[Saved data entries]
★ ★ ★ ★ ★

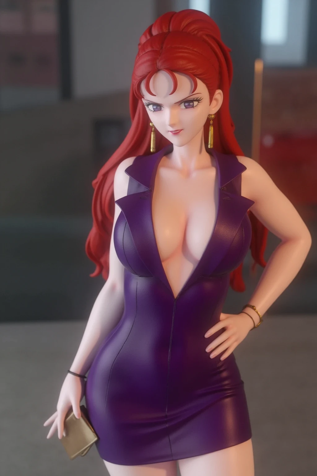 (masterpiece, best quality:1.2), 1girl, solo, _SM_Kaolinite_, red straight hair, forehead, bare shoulders, tight red dress with V-neck, pale pink skin, purple eyes, golden bracelet, gold earrings, white skin, Alone, retro anime, 90s anime style, red classic high heels, red lips makeup, hair slicked back, Ponytail braid, formal dress, LONG EYELASHES, Thick eyelashes,
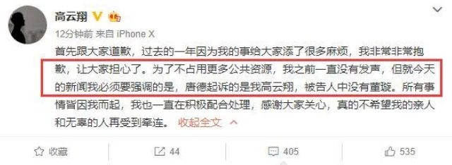 Cứ tưởng Đổng Tuyền sẽ cùng Cao Vân Tường đồng cam cộng khổ thì bất ngờ hai tháng ngay sau khi Đường Đức khởi kiện thì đôi vợ chồng minh tinh lại tuyên bố ly hôn. Toàn bộ tài sản sẽ được chuyển sang cho Đổng Tuyền nắm giữ. Trước đó, Cao Vân Tường vì vợ mà lên Weibo làm rõ Đường Đức chỉ khởi kiện một mình anh, không dính dáng, liên can gì đến Đổng Tuyền.
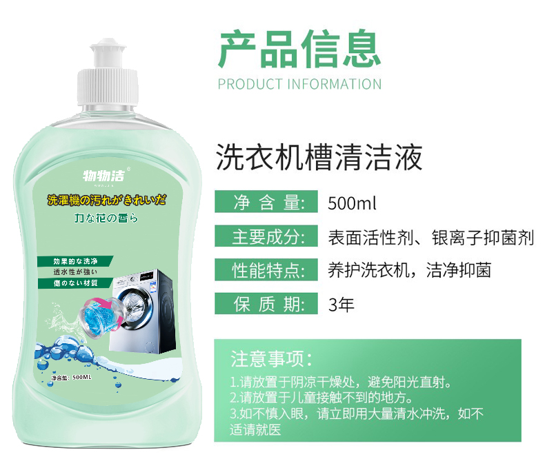 物物洁洗衣机清洁剂500ml/瓶去除异味保持清新机槽清洁剂滚筒波轮式洗衣机除垢剂除螨非泡腾片洗衣机除垢清洁神器
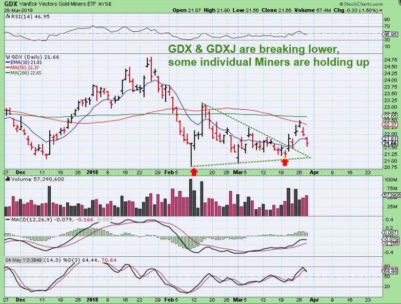 GDX –  Please read the chart, but they closed below the 10sma & Volume selling increased.  THAT SAID…
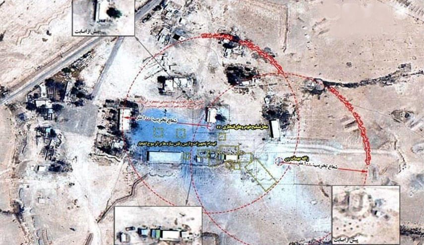 وكشف حرس الثورة عن صورتين فوتوغرافيتين للموقع قبل وبعد استهدافه.
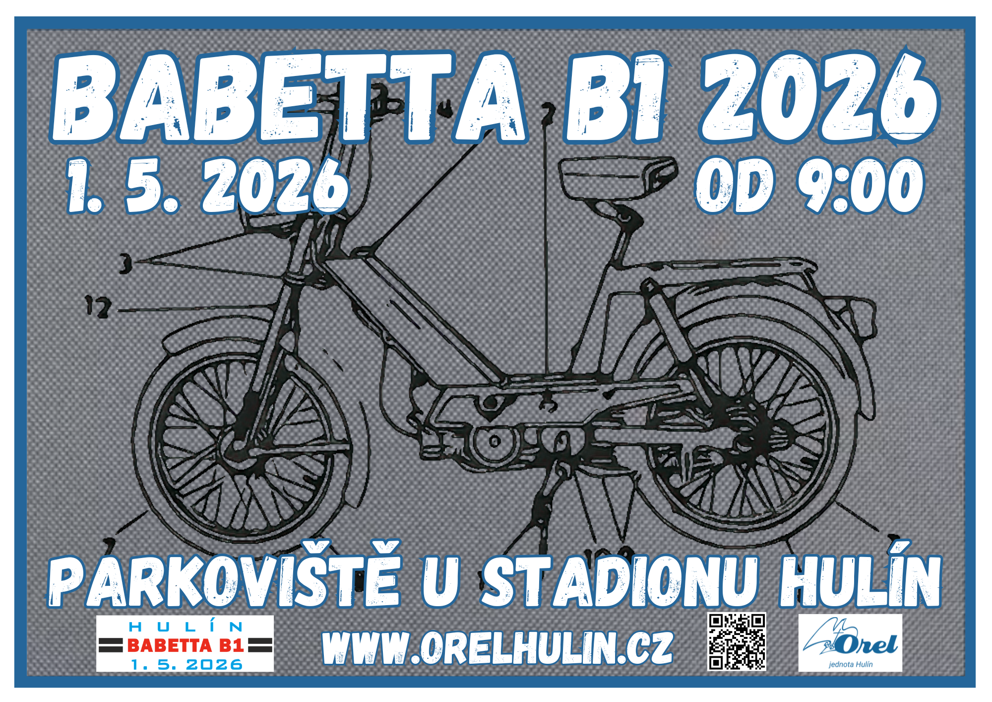 Zveme všechny milovníky motoristických sportů na prvomájové setkání populárních jednostopých vozidel Babetta. Stejně jako v minulých letech nás čeká spousta soutěží, zábavy a doprovodného programu. Soutěžící se budou moci prezentovat od 8:30 na parkovišti u hulínského stadionu, tak abychom začali v 9:00 závodit. Účastníci co vyplní a odešlou přihlášku do 13. 4. 2025 se mohou těšit na dar ve formě trička s logem B1 a ti závodníci co uspějí ve svých kategoriích i na medaile, poháry, diplomy, slávu a věcné odměny.
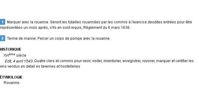 Signification éditée en 1876 pour le terme « rouanner » par Emile Littré.
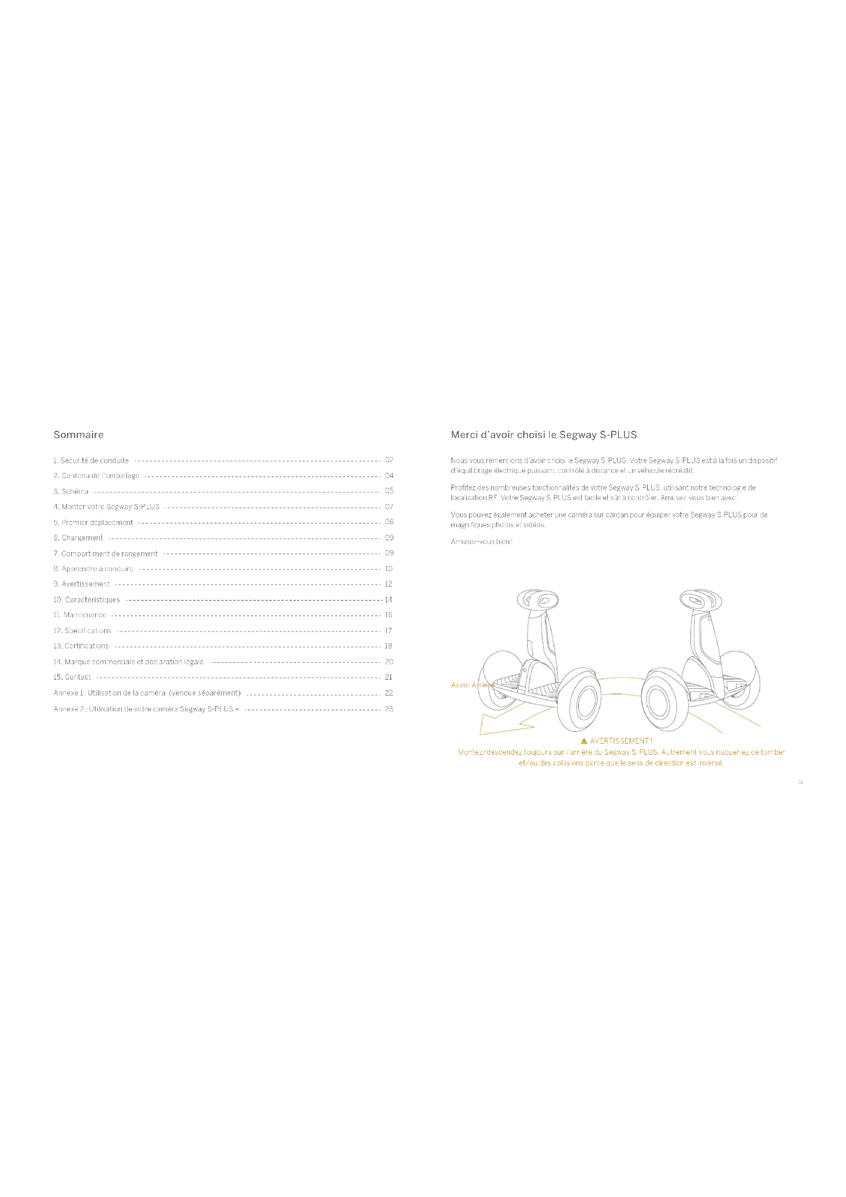 Avant Arrière AVERTISSEMENT! Montez/descendez toujours par l’arrière du Segway S-PLUS. Autrement vous risqueriez de tomber et/ou des collisions parce que le sens de direction est inversé.02 03 1 Sécurité de conduite 1. Le Segway S-PLUS est un produit récréatif. Avant de maîtriser vos capacités de déplacement, vous devez vous entraîner. Ni Ninebot Inc. ni Segway Inc. ne sont responsables de toute blessure ou dommage engendré par l’inexpérience de l’utilisateur ou son non respect des instructions de ce document.
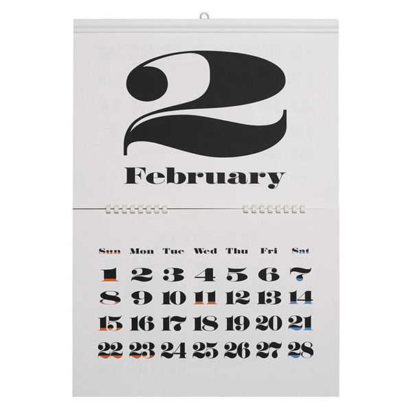 特徴的なタイポグラフィーによってデザインされたカレンダー。
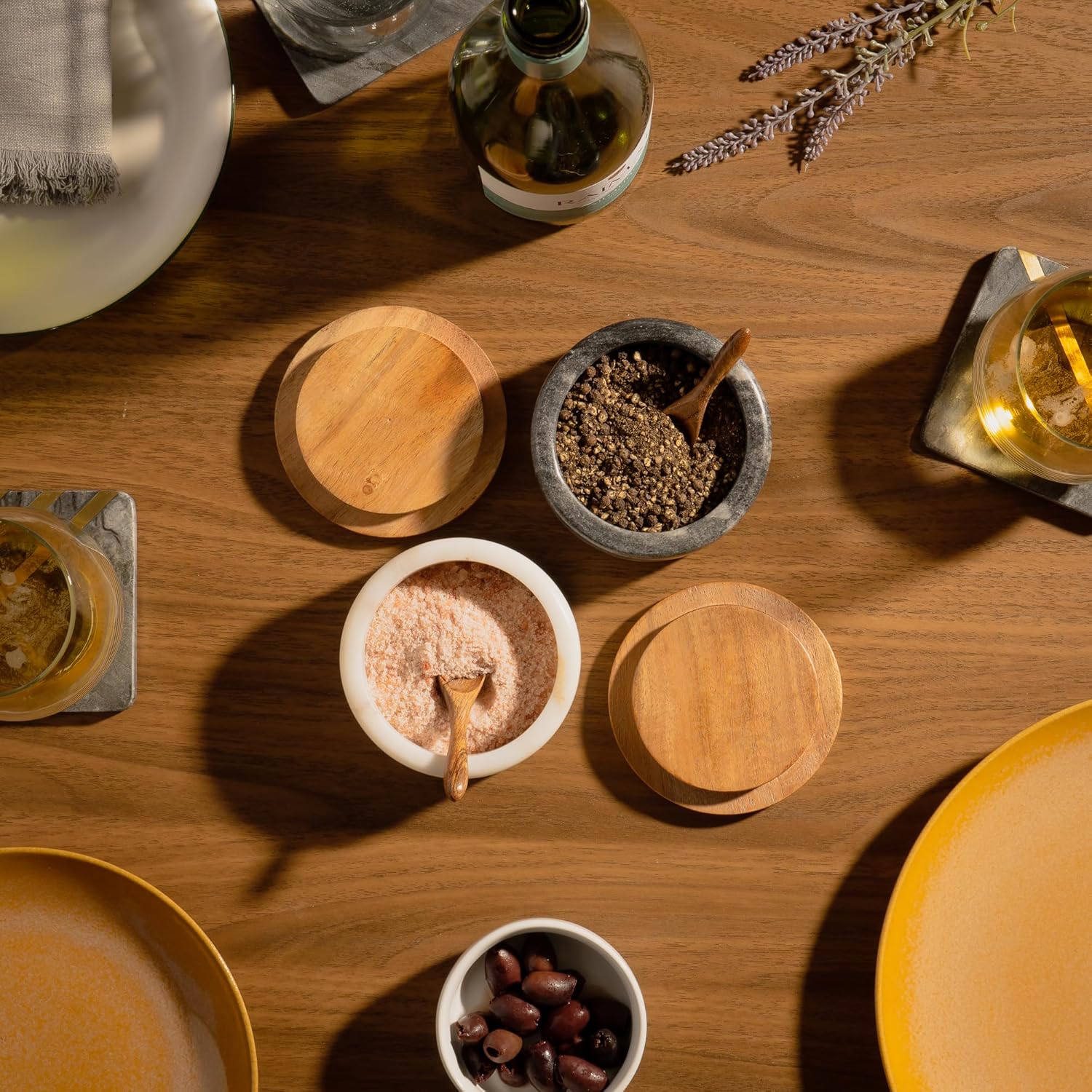 Cork & Mill Grey Marble Salt Cellar with Acacia Wood Lid and Spoon - Elegant Modern Salt Container for Countertop - Handcrafted Pepper Pot - Wide 4” Pepper Holder with Non-Skid Feet
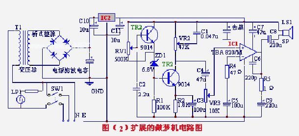 图(2)的做梦机稍为复杂,但在原理上很相似。它可以改变声音的音量和音色,并把电路的输出调整到最大。 RV1调节ZD1的工作条件,使它可以产生最大输出。 TR1把输出放大了许多, RV2调节高频截止的陡度。 IC1把声音放大然后驱动扬声器。
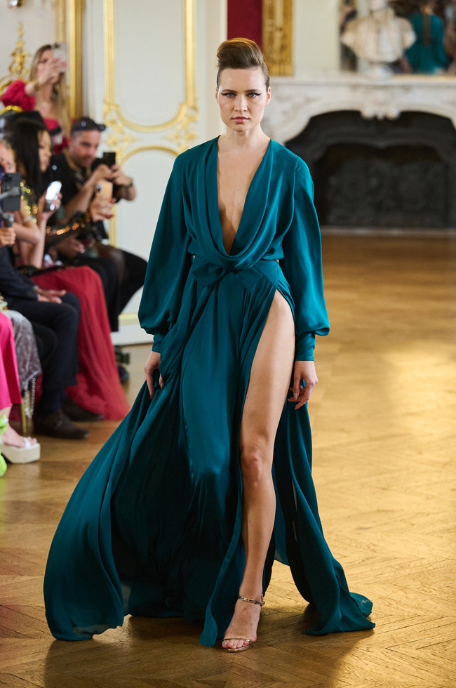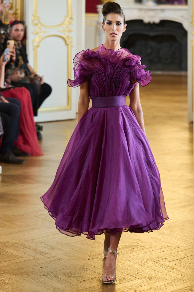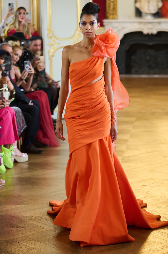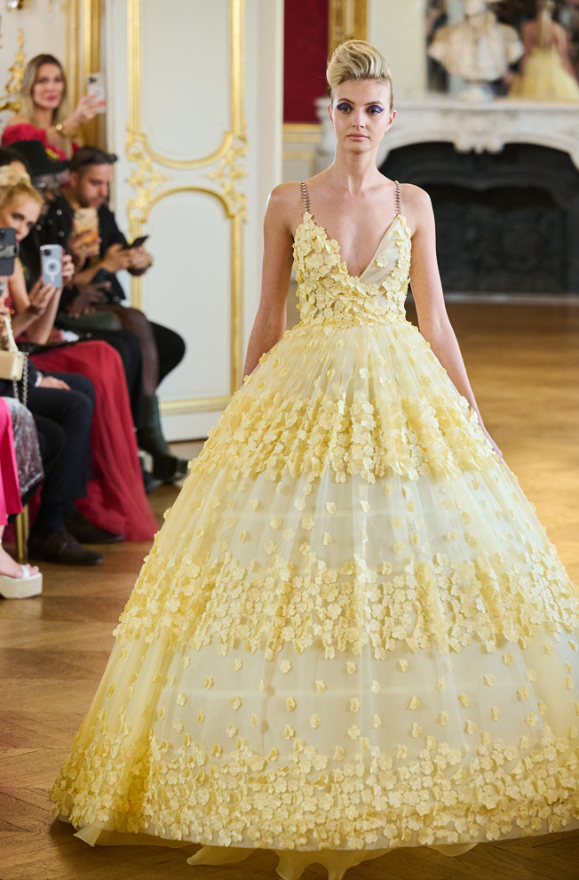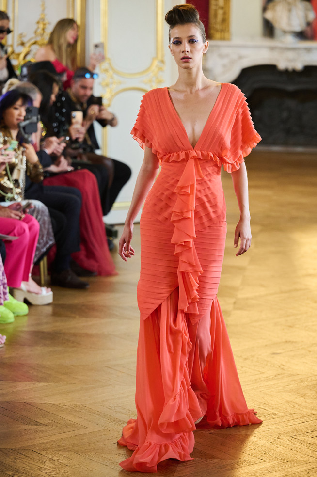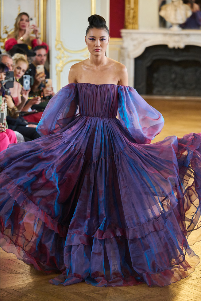 Architecture is the red thread of the wardrobe: vaporous cloud sleeves in taffeta, airy skirts in silk and organza, high-waisted satin pants, crepe tops.
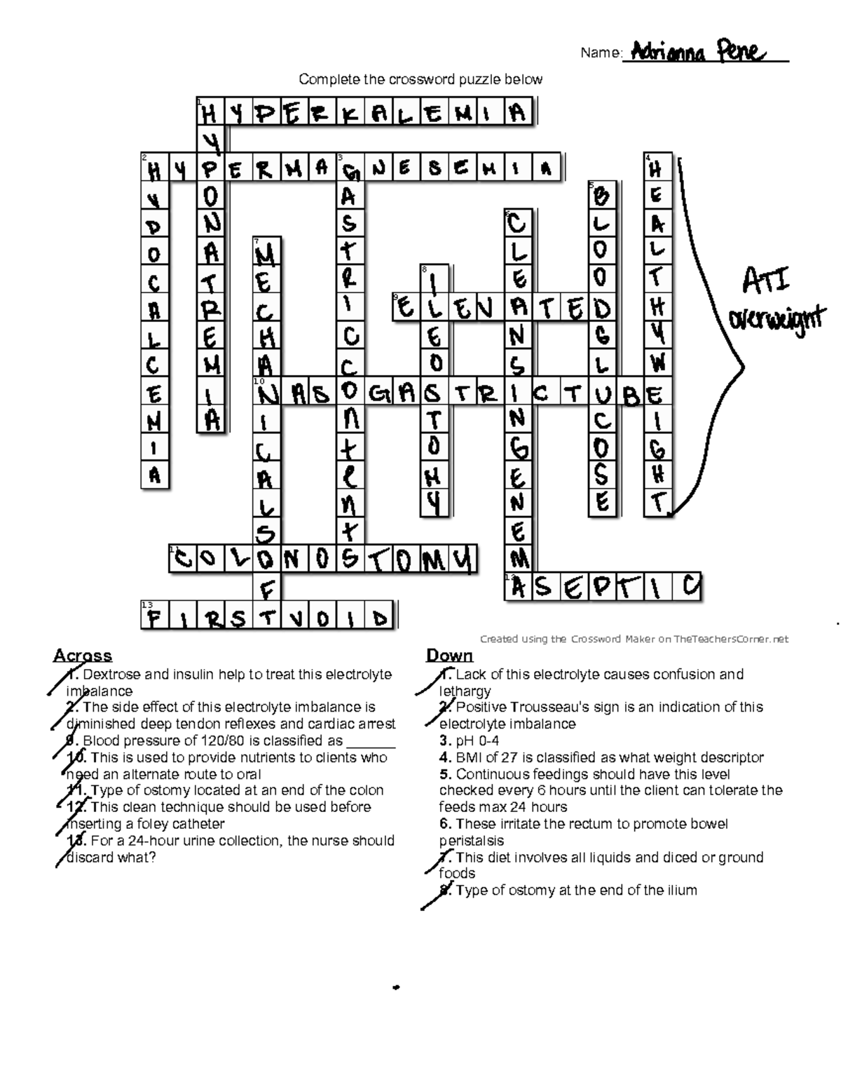 Elimination Nutrition electrolytes Crossword puzzle Down Lack of this
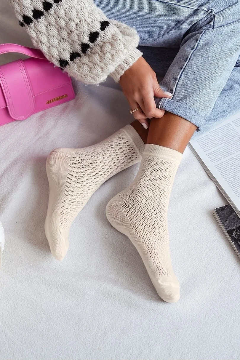 Elegantní a stylové ažurové dámské ponožky MILENA 0989.006 jsou vynikající volbou pro ženy, které ocení pohodlí a decentní design. Jsou vyrobeny z kvalitní bavlny (75 %) s přídavkem elastanu (5 %) a odolného polyamidu (20 %) a zajišťují dokonalé přilnutí k noze a vynikající cirkulaci vzduchu. Jemné ažurové provedení jim dodává výjimečný půvab a vzorovaná struktura jim dodává lehkost a eleganci. Skvěle se hodí pro každodenní stylizaci i elegantnější outfity.
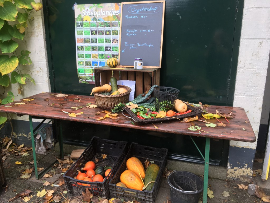 De herfst zet nog niet helemaal overtuigend in, maar het is wel duidelijk dat het zomerseizoen voorbij is. Bij Stadstuin de Klopvaart liggen de pompoenen te koop op een tafel naast de ingang van het knusse huisje.
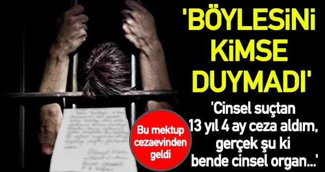 ‘Ben cinsel suçtan 13 yıl 4 ay ceza aldım. Artı 9 yıl alıkoyma, cebir ve tehditten aldım, etti 22 yıl 4 ay… 4 yıl 6 aydır yatıyorum. Gerçek şu ki bende cinsel organ yok. Bana inanmıyorlar. Beni hastaneye sevk etmiyorlar çünkü mahkemenin yanlışı ortaya çıkacak diye korkuyorlar. Bomboş (boş yere) ceza yatıyorum. Siz de benim gibi yanlış bir ceza aldınız. (Benim notum: Aman abicim, ceza yanlıştı ama bizimki cinsel suç değil, Fetö metö vaziyetleri!) Benim dosyam gerçekten Türkiye'de adaletin olmadığını ortaya çıkaracaktır… Dosyayı adresinize göndereceğim…’

★ ★ ★ ★ ★

WORK REQUIRED. Each entry above needs to be restated without a single word changed; skip the images.

SOLUTION FOR THIS EXERCISE.
 (masterpiece, best quality:1.2), 1girl, solo, _SM_Kaolinite_, red straight hair, forehead, bare shoulders, tight red dress with V-neck, pale pink skin, purple eyes, golden bracelet, gold earrings, white skin, Alone, retro anime, 90s anime style, red classic high heels, red lips makeup, hair slicked back, Ponytail braid, formal dress, LONG EYELASHES, Thick eyelashes,
 Cứ tưởng Đổng Tuyền sẽ cùng Cao Vân Tường đồng cam cộng khổ thì bất ngờ hai tháng ngay sau khi Đường Đức khởi kiện thì đôi vợ chồng minh tinh lại tuyên bố ly hôn. Toàn bộ tài sản sẽ được chuyển sang cho Đổng Tuyền nắm giữ. Trước đó, Cao Vân Tường vì vợ mà lên Weibo làm rõ Đường Đức chỉ khởi kiện một mình anh, không dính dáng, liên can gì đến Đổng Tuyền.
 物物洁洗衣机清洁剂500ml/瓶去除异味保持清新机槽清洁剂滚筒波轮式洗衣机除垢剂除螨非泡腾片洗衣机除垢清洁神器
 GDX –  Please read the chart, but they closed below the 10sma & Volume selling increased.  THAT SAID…
 وكشف حرس الثورة عن صورتين فوتوغرافيتين للموقع قبل وبعد استهدافه.
 Zveme všechny milovníky motoristických sportů na prvomájové setkání populárních jednostopých vozidel Babetta. Stejně jako v minulých letech nás čeká spousta soutěží, zábavy a doprovodného programu. Soutěžící se budou moci prezentovat od 8:30 na parkovišti u hulínského stadionu, tak abychom začali v 9:00 závodit. Účastníci co vyplní a odešlou přihlášku do 13. 4. 2025 se mohou těšit na dar ve formě trička s logem B1 a ti závodníci co uspějí ve svých kategoriích i na medaile, poháry, diplomy, slávu a věcné odměny.
 Signification éditée en 1876 pour le terme « rouanner » par Emile Littré.
 Avant Arrière AVERTISSEMENT! Montez/descendez toujours par l’arrière du Segway S-PLUS. Autrement vous risqueriez de tomber et/ou des collisions parce que le sens de direction est inversé.02 03 1 Sécurité de conduite 1. Le Segway S-PLUS est un produit récréatif. Avant de maîtriser vos capacités de déplacement, vous devez vous entraîner. Ni Ninebot Inc. ni Segway Inc. ne sont responsables de toute blessure ou dommage engendré par l’inexpérience de l’utilisateur ou son non respect des instructions de ce document.
 特徴的なタイポグラフィーによってデザインされたカレンダー。
 Cork & Mill Grey Marble Salt Cellar with Acacia Wood Lid and Spoon - Elegant Modern Salt Container for Countertop - Handcrafted Pepper Pot - Wide 4” Pepper Holder with Non-Skid Feet
 图(2)的做梦机稍为复杂,但在原理上很相似。它可以改变声音的音量和音色,并把电路的输出调整到最大。 RV1调节ZD1的工作条件,使它可以产生最大输出。 TR1把输出放大了许多, RV2调节高频截止的陡度。 IC1把声音放大然后驱动扬声器。
 Architecture is the red thread of the wardrobe: vaporous cloud sleeves in taffeta, airy skirts in silk and organza, high-waisted satin pants, crepe tops.
 Elimination Nutrition electrolytes Crossword puzzle Down Lack of this
 Elegantní a stylové ažurové dámské ponožky MILENA 0989.006 jsou vynikající volbou pro ženy, které ocení pohodlí a decentní design. Jsou vyrobeny z kvalitní bavlny (75 %) s přídavkem elastanu (5 %) a odolného polyamidu (20 %) a zajišťují dokonalé přilnutí k noze a vynikající cirkulaci vzduchu. Jemné ažurové provedení jim dodává výjimečný půvab a vzorovaná struktura jim dodává lehkost a eleganci. Skvěle se hodí pro každodenní stylizaci i elegantnější outfity.
 De herfst zet nog niet helemaal overtuigend in, maar het is wel duidelijk dat het zomerseizoen voorbij is. Bij Stadstuin de Klopvaart liggen de pompoenen te koop op een tafel naast de ingang van het knusse huisje.
 ‘Ben cinsel suçtan 13 yıl 4 ay ceza aldım. Artı 9 yıl alıkoyma, cebir ve tehditten aldım, etti 22 yıl 4 ay… 4 yıl 6 aydır yatıyorum. Gerçek şu ki bende cinsel organ yok. Bana inanmıyorlar. Beni hastaneye sevk etmiyorlar çünkü mahkemenin yanlışı ortaya çıkacak diye korkuyorlar. Bomboş (boş yere) ceza yatıyorum. Siz de benim gibi yanlış bir ceza aldınız. (Benim notum: Aman abicim, ceza yanlıştı ama bizimki cinsel suç değil, Fetö metö vaziyetleri!) Benim dosyam gerçekten Türkiye'de adaletin olmadığını ortaya çıkaracaktır… Dosyayı adresinize göndereceğim…’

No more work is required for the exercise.